Gov. Nikki Haley said Sunday that more than 4,000 people were still in shelters as emergency crews monitored swollen rivers and cleared debris-covered roads.

Five buildings near Myrtle Beach were destroyed in a wind-whipped fire Saturday night, officials said. The residents of the multi-story buildings had already evacuated, and no one was injured, a statement from the city said.

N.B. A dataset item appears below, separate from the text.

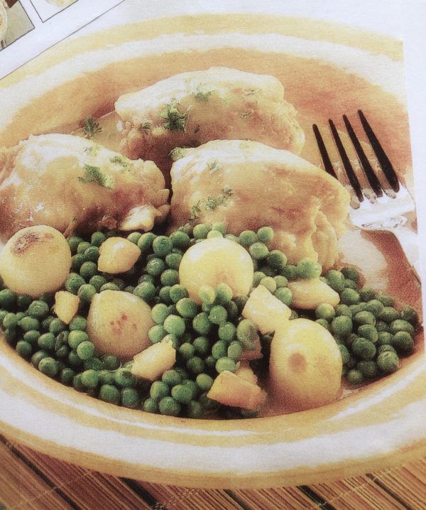 - Cca 10 minut před koncem pečení vyjmeme z omáčky bouquet garni a přidáme hrášek a odložené sádlo s cibulkami. Osolíme, opepříme a vrátíme do trouby.

Image: A water rescue team member in Fayetteville, N.C. on Saturday.
A water rescue team member in Fayetteville, N.C. on Saturday.Andrew Craft / AP

Two people were killed in Florence County in separate incidents after their vehicles were swept away by floodwaters or driven into washed-out roads or bridges, the Florence County Sheriff's Office said in a statement. In Richland County, another person was found dead pinned beneath his wheelchair, which appeared to have gotten stuck in floodwaters outside of his home, county coroner Gary Watts said.

The storm also killed five people in Florida, and three in Georgia.

More than 2 million households and businesses were without power, most in Florida and South Carolina.

President Barack Obama signed disaster declarations for Florida and Georgia on Sunday morning.

Speaking at a political fundraiser in Chicago, Obama said he had spoken with the governors of Florida, North Carolina, South Carolina and Georgia, and he told residents of those states: "We've got your back."

Damage in the United States, however, was much less than in Haiti, where Matthew took nearly 900 lives. At least 13 people on the Caribbean island have also died from outbreaks of cholera since the storm, and about 61,500 people were in shelters, officials said.